Requirement:
This exercise calls for the line with "有機廢氣通過風機輸入蓄熱室進", the line with "Tap to fill", and all lines between them in the material below, output exactly and with no other lines.
Segment Start: Records to process
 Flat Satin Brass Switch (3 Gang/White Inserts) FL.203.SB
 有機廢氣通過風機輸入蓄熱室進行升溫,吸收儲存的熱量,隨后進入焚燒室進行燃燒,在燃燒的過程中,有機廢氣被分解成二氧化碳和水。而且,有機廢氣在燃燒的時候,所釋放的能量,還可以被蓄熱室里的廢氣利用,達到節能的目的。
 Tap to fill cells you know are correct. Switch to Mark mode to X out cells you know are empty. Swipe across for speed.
Segment End: Records to process
Segment Start: Records to process
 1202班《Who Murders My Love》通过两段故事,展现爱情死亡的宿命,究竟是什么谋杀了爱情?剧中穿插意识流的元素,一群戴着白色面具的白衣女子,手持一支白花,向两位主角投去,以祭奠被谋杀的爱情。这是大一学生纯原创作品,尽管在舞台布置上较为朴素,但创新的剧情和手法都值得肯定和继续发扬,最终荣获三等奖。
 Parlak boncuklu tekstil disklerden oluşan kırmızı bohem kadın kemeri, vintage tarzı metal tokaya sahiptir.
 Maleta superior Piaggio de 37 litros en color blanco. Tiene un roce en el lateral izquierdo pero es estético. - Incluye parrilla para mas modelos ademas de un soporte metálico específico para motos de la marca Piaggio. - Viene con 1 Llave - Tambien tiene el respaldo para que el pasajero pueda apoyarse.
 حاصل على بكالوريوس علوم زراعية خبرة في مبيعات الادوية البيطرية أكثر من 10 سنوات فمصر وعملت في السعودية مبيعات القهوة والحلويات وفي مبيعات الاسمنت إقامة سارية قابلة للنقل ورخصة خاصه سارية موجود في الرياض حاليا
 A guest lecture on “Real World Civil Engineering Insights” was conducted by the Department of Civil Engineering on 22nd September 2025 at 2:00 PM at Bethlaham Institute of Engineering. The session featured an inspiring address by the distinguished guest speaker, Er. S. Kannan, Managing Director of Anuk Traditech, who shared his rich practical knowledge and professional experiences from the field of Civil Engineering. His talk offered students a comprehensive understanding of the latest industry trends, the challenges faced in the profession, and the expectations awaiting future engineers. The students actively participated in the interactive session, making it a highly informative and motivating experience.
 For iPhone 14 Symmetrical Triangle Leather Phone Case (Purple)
Segment End: Records to process
Segment Start: Records to process
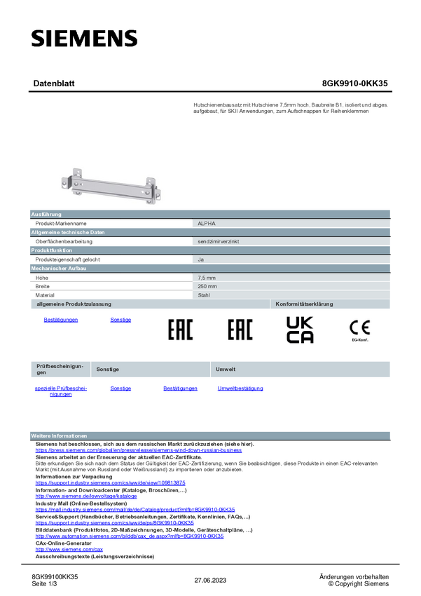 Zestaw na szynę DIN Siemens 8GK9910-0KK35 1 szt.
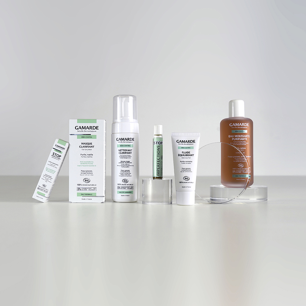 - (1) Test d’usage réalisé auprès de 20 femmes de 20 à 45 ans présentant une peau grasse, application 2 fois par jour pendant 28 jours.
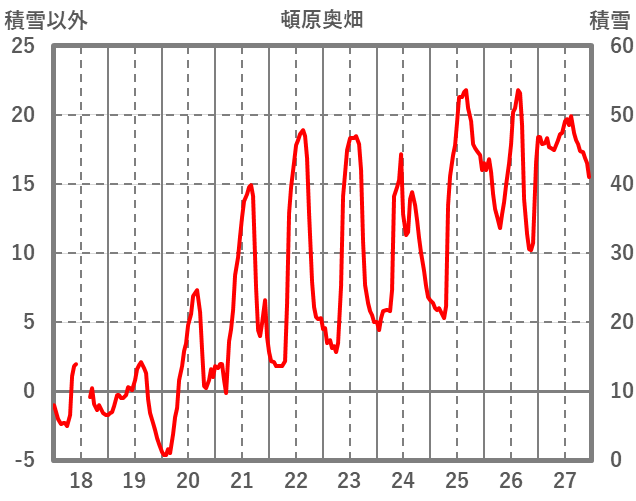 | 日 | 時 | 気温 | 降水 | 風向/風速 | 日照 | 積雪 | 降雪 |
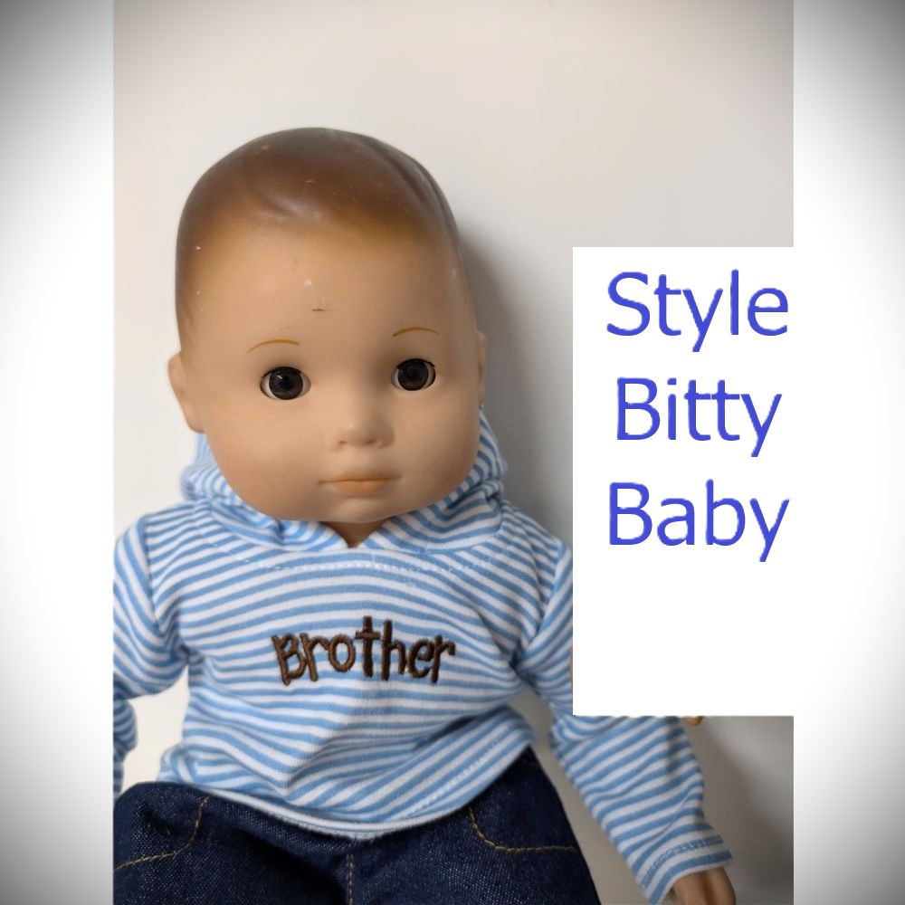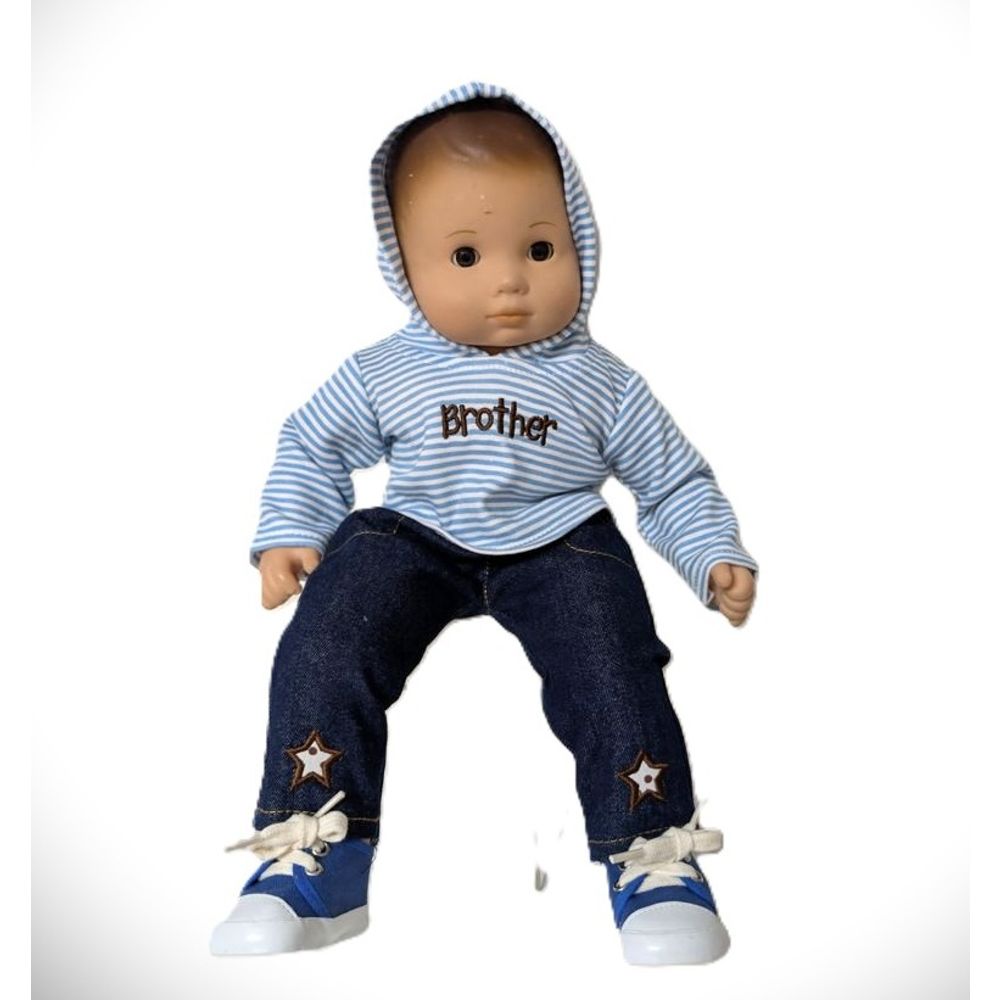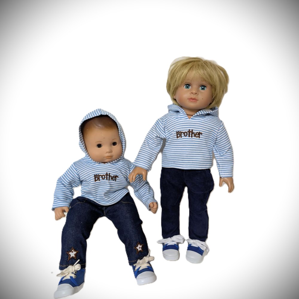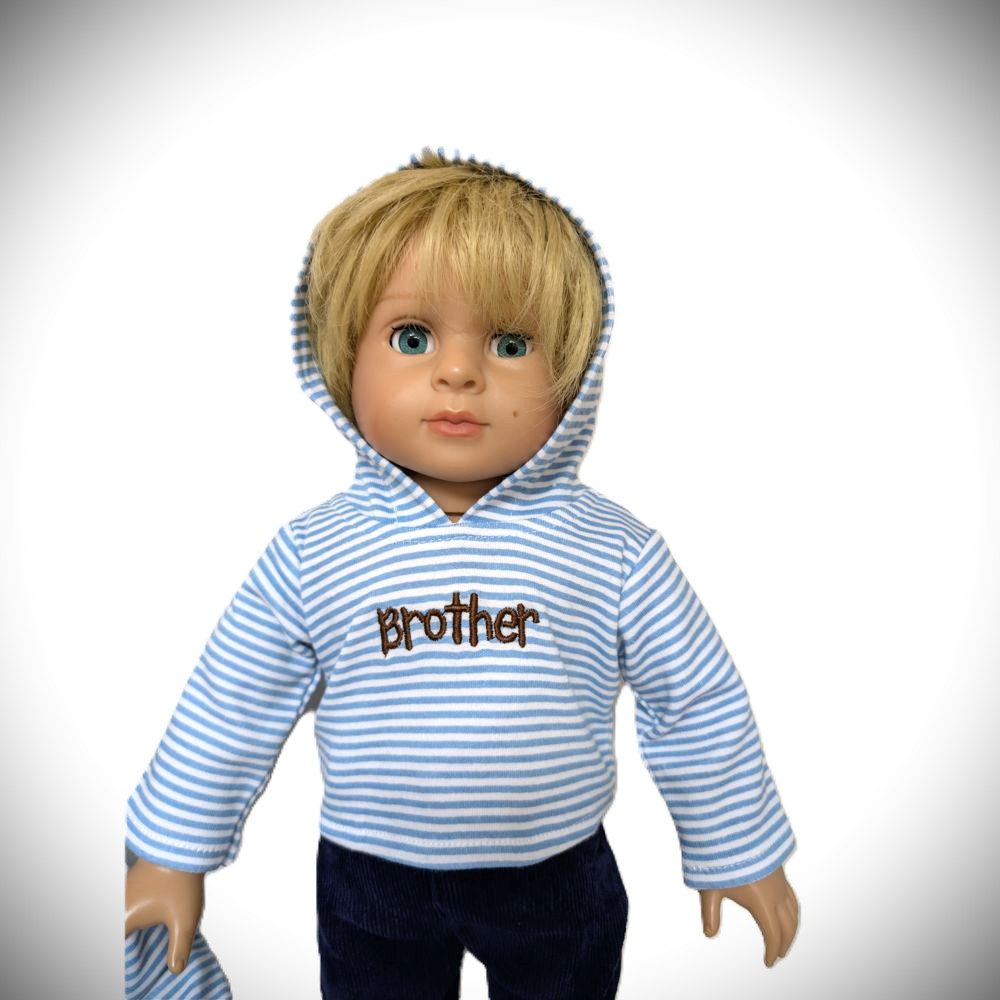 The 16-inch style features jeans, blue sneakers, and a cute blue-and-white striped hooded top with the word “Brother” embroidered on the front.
Segment End: Records to process
Your solution:
 有機廢氣通過風機輸入蓄熱室進行升溫,吸收儲存的熱量,隨后進入焚燒室進行燃燒,在燃燒的過程中,有機廢氣被分解成二氧化碳和水。而且,有機廢氣在燃燒的時候,所釋放的能量,還可以被蓄熱室里的廢氣利用,達到節能的目的。
 Tap to fill cells you know are correct. Switch to Mark mode to X out cells you know are empty. Swipe across for speed.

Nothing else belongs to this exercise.